Further characterization of the HO extract and subfractions will be critical before embarking on more detailed studies of the mode of action. Our initial efforts to purify the compounds causing bioactivity based on water-solvent partitioning were only partially successful. The liquid–liquid partitioning yielded four organic fractions (F1–F4) and four aqueous fractions (F5–F8). A principal component (PCA) analysis of the root and shoot effects of these fractions revealed that the aqueous fractions were much more enriched for root and shoot stimulating compounds compared to the organic fractions. Aqueous fractions are proven to be effective in the recovery of bioactive compounds during extractions52. Likewise, water extracts enhance yield and improve root and shoot growth17. For instance, water extracts of borage plants enhanced the yield, leaf pigment, and phenolic content of lettuce36. Similarly, compost organic matter dissolved in water exhibited potential bioactivity with increased root and shoot growth, and increased enzymatic activity of nitrogen metabolism in maize17,53. Clearly, the bioactivity of water-derived extracts is effective, consistent with our results.

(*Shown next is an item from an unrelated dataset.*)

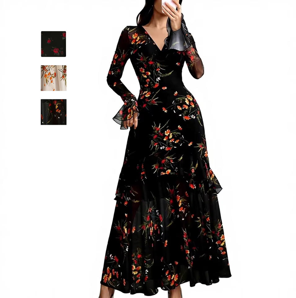 Robe longue maxi élégante pour femme, col en V, manches longues, imprimé floral romantique, en mousseline, coupe ajustée, collection 2025

To identify compounds putatively involved in bioactivity, the complex water fractions, F5-F8 were analyzed using NMR spectroscopy which is highly suitable for characterization of complex water extracts from plants54,55,56,57. Analysis of 1H and 13C spectra identified primary carbohydrates, malate, and choline, in all aqueous fractions. Since all aqueous fractions were active, these molecules are candidate bioactive ingredients. Choline has been shown to increase the rate of photosynthesis in wheat protoplasts58. The salt, choline chloride, is reported to display plant growth regulatory activity in combination with chlorocholine chloride (CCC or chlormequat), an inhibitor of cyclases copalyl-diphosphate synthase and ent-kaurene synthase involved in the early steps of gibberellin biosynthesis59,60). Primary carbohydrates and malate which were also found in all fractions, are not acting as growth regulators and therefore are less likely to show activity when applied in diluted concentration.

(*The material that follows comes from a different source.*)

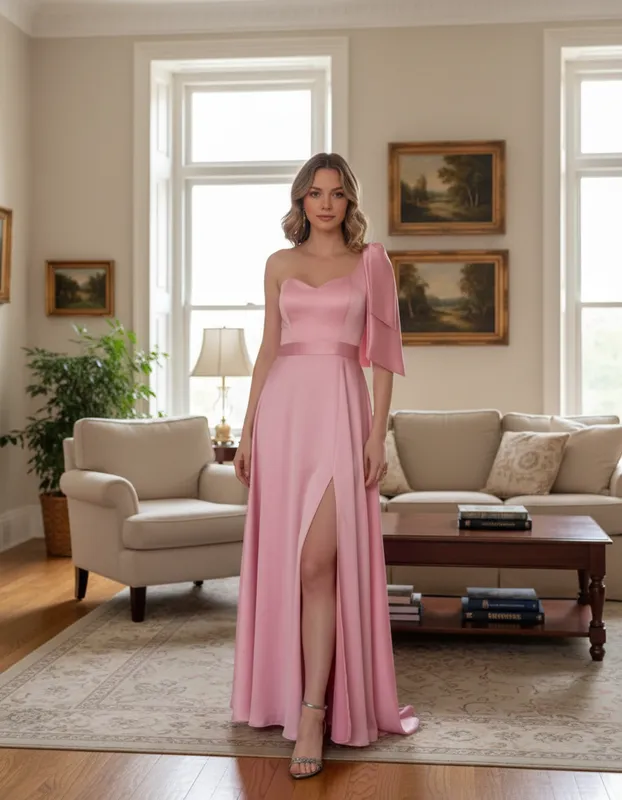 Modelagem longa com alça única (um ombro só) e detalhe de laço no ombro.

Malate is one of the organic acids considered (including citrate) a plant growth promoter, that can be utilized for low light cultivation61. Malic acid is involved in several functions in plants, including respiration, nutrition, stomatal aperture, and growth62,63,64. Reports showed that malate promotes plant growth and photosynthesis capacity—by increasing photosynthetic pigments—under normal and metal stress condition. Darandeh and Hadavi reported in 201265 that malate, when foliar sprayed to Lilium cv. Brunello, significantly increased their chlorophyl content. Likewise, malate increased the chlorophyll content of Salix variegata under cadmium stress. The increment was hypothetically related to the regulation of genes encoding enzymes responsible for pigment synthesis and decomposition38,66. The ability of malate to alleviate metal stress has been reported in other plants including Miscanthus sacchariflorus62, Zea mays67, sunflower68, alfalfa, and white lupin64. It will be interesting to test these aqueous fractions under (metal) stress conditions.

Conclusions

Belgian endive root extract contains hydrophilic and hydrophobic compounds that stimulate root and shoot growth in two unrelated species. The consistency of the bioactivity over two separate harvest years encourages further studies to identify the active compounds and determine the mode of action. In addition, it will be of interest to examine whether the compounds are active in field conditions. This will reassure a higher value of Belgian endive as a source for biostimulant production.

Patents

A European Patent Application EP21167916.2 has been filed.